- [EXERCISE REQUIREMENTS]: Every line of the data below should be retyped exactly, with no images carried over.

- [SOURCE MATERIAL]:
◆ ◆ ◆

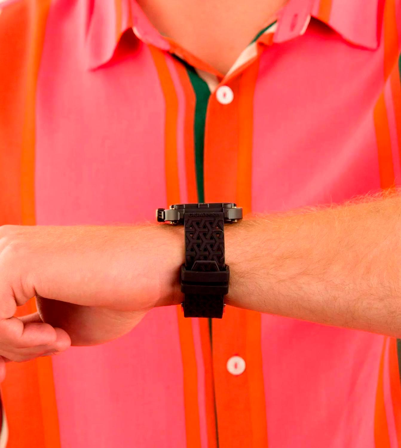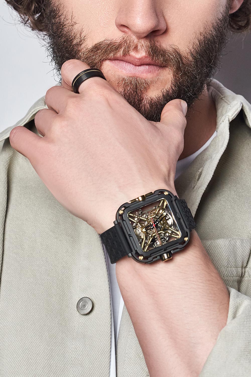 Превосходные часы со стремлением к свободе непременно побудят вас заниматься любимым делом. Дикие и авангардные скелетонизированные часы Series X Gorilla Titanium. Закругленный квадратный корпус из титана с DLC-покрытием. В механизме 25 камней, частота 21600 полуколебаний в час. Запас хода 40 часов. Двухслойная конструкция корпуса включает в себя внешний контур, соединенный со ступенчатым внутренним корпусом с помощью четырех амортизирующих пружин. Это первая ударопрочная система подвески, установленная в корпусе наручных часов. И подчеркивает эти пружины набор позолоченных винтов. Скрытая шкала времени идеально вписывается в корпус часов. Прорезиненная позолоченная заводная головка. Противоположная боковая панель корпуса украшена эмблемой гориллы. Сетчатый силиконовый ремешок с классической застежкой имеет функцию быстрой замены. В комплекте сменный нейлоновый ремешок с нанослойным покрытием. Фирменная подарочная упаковка.
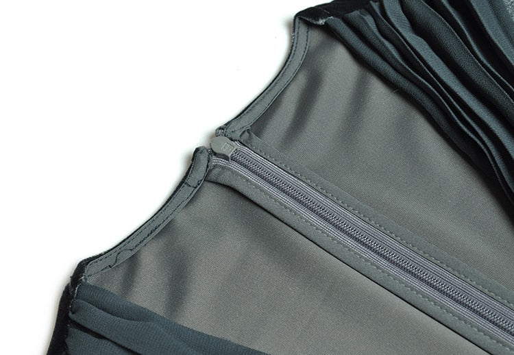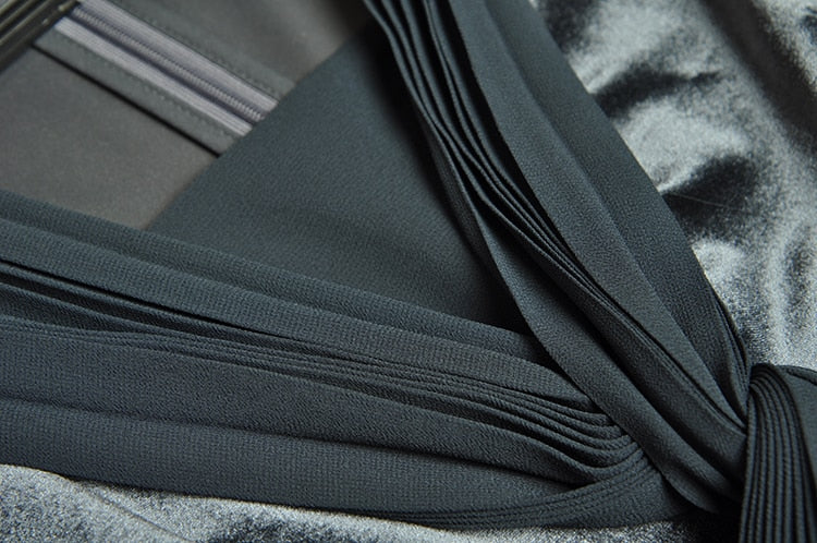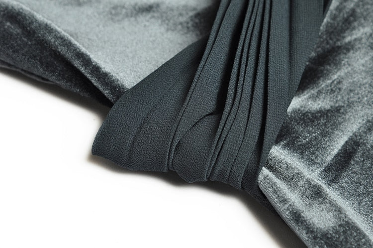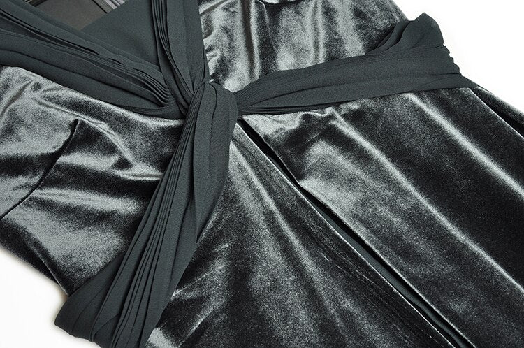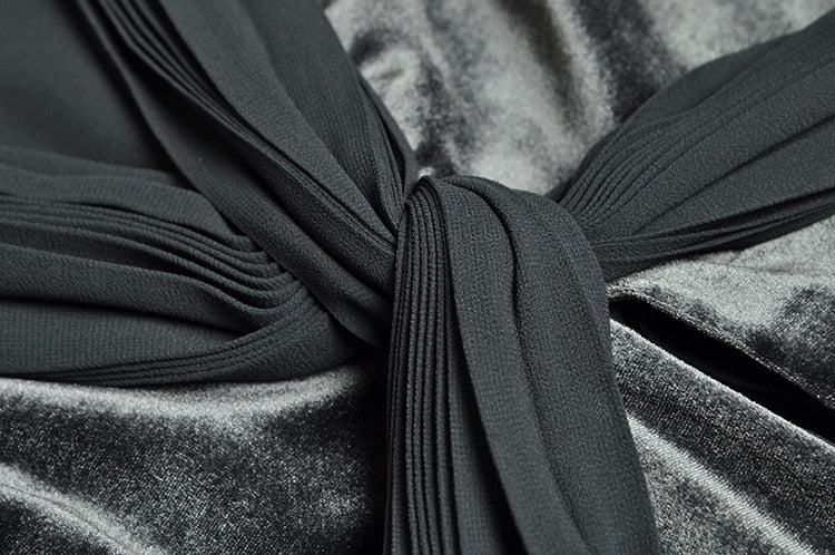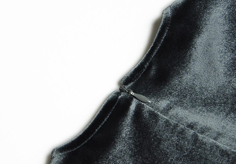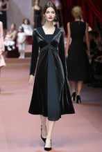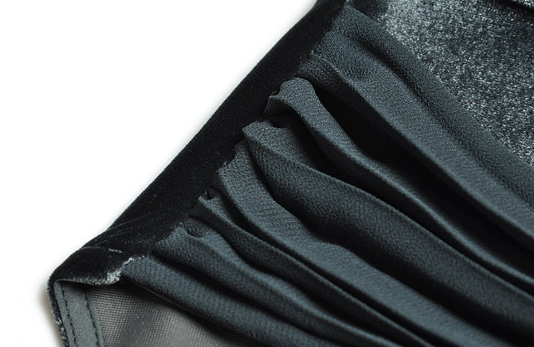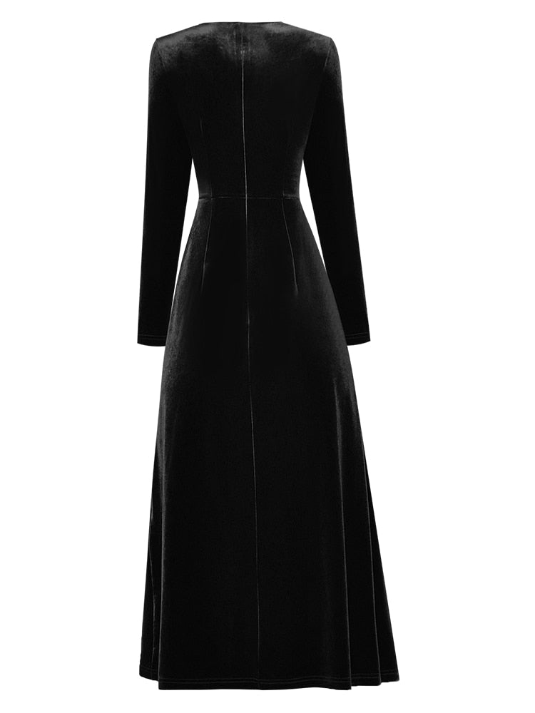 Renata Velvet Midi Dress Women's Square Collar Long Sleeve Patchwork Pleated Party Dress
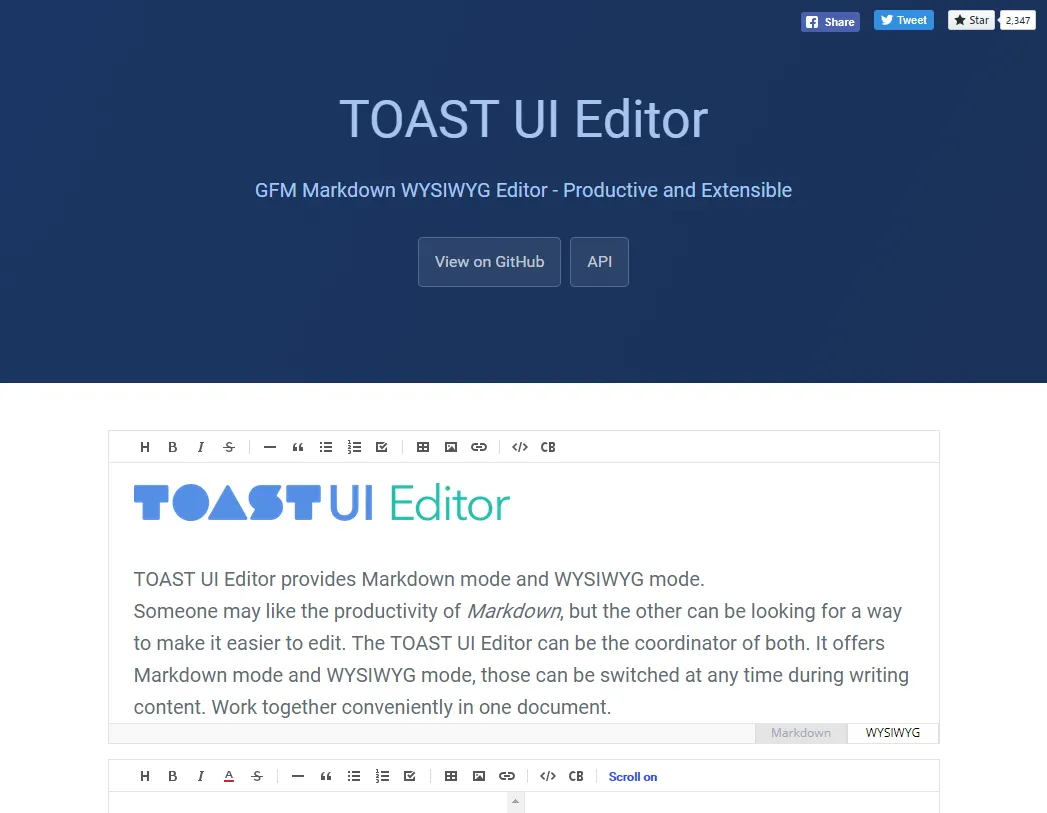 ToastUI Editor adalah editor WYSIWYG yang dapat diperpanjang yang menampilkan fitur GitHub Markdown bersama dengan ekstensi untuk membuat grafik batang yang menarik dan diagram berbasis UML.

◆ ◆ ◆

- [ANSWER FOR THE TASK]:
 Превосходные часы со стремлением к свободе непременно побудят вас заниматься любимым делом. Дикие и авангардные скелетонизированные часы Series X Gorilla Titanium. Закругленный квадратный корпус из титана с DLC-покрытием. В механизме 25 камней, частота 21600 полуколебаний в час. Запас хода 40 часов. Двухслойная конструкция корпуса включает в себя внешний контур, соединенный со ступенчатым внутренним корпусом с помощью четырех амортизирующих пружин. Это первая ударопрочная система подвески, установленная в корпусе наручных часов. И подчеркивает эти пружины набор позолоченных винтов. Скрытая шкала времени идеально вписывается в корпус часов. Прорезиненная позолоченная заводная головка. Противоположная боковая панель корпуса украшена эмблемой гориллы. Сетчатый силиконовый ремешок с классической застежкой имеет функцию быстрой замены. В комплекте сменный нейлоновый ремешок с нанослойным покрытием. Фирменная подарочная упаковка.
 Renata Velvet Midi Dress Women's Square Collar Long Sleeve Patchwork Pleated Party Dress
 ToastUI Editor adalah editor WYSIWYG yang dapat diperpanjang yang menampilkan fitur GitHub Markdown bersama dengan ekstensi untuk membuat grafik batang yang menarik dan diagram berbasis UML.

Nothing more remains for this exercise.